About this task
Copy the material below verbatim from the line with "リーグ内では5組の内、4組が" to the line with "Fig. 1: Avermectin", both lines included, omitting pictures and every line outside that range.

Data for the task

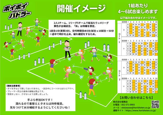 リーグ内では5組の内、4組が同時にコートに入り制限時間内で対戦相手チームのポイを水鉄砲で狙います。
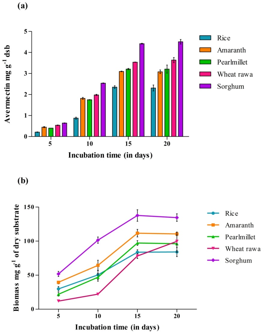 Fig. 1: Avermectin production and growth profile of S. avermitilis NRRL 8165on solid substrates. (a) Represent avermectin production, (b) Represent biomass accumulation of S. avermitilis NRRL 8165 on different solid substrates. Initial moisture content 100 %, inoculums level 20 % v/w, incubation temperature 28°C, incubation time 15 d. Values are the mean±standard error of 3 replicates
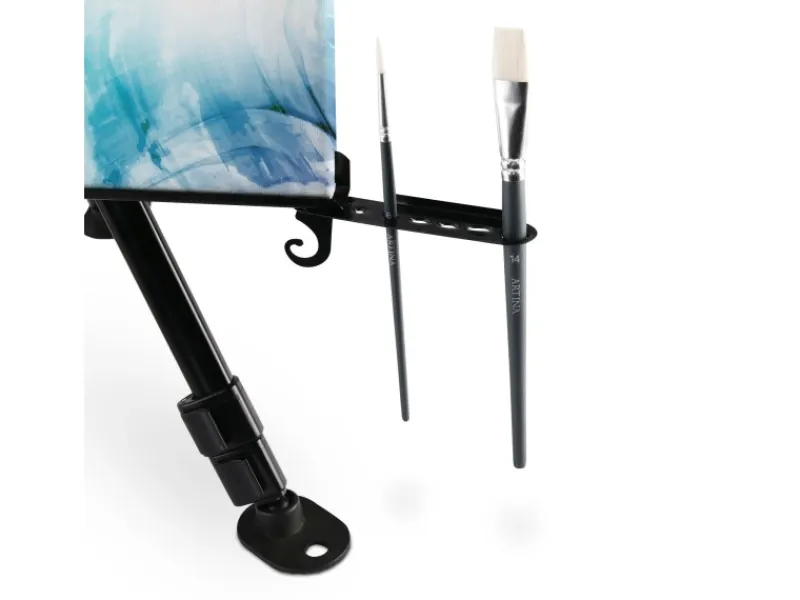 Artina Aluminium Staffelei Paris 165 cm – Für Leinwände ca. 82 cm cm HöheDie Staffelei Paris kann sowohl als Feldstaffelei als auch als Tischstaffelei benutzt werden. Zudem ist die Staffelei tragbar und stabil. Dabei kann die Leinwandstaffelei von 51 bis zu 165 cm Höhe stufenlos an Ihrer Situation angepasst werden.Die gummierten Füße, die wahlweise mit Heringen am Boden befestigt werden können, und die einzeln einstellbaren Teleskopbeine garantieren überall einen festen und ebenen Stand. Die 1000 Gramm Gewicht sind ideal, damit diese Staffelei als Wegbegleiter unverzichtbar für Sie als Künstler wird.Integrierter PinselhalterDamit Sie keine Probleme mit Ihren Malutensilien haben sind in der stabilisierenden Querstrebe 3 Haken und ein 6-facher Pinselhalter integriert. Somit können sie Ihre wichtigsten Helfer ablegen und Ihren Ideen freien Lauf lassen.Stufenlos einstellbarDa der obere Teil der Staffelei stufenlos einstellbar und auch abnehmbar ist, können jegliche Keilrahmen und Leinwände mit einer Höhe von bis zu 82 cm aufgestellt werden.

--

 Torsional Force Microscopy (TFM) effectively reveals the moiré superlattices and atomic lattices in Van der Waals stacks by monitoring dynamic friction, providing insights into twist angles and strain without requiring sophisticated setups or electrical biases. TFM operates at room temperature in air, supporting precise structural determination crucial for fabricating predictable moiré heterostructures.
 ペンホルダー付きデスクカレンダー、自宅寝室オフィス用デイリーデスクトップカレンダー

--

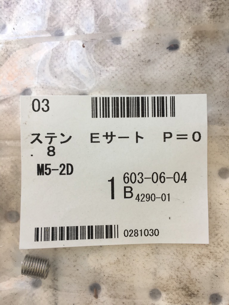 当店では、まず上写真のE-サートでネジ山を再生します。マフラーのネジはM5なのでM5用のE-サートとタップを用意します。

Answer space
 リーグ内では5組の内、4組が同時にコートに入り制限時間内で対戦相手チームのポイを水鉄砲で狙います。
 Fig. 1: Avermectin production and growth profile of S. avermitilis NRRL 8165on solid substrates. (a) Represent avermectin production, (b) Represent biomass accumulation of S. avermitilis NRRL 8165 on different solid substrates. Initial moisture content 100 %, inoculums level 20 % v/w, incubation temperature 28°C, incubation time 15 d. Values are the mean±standard error of 3 replicates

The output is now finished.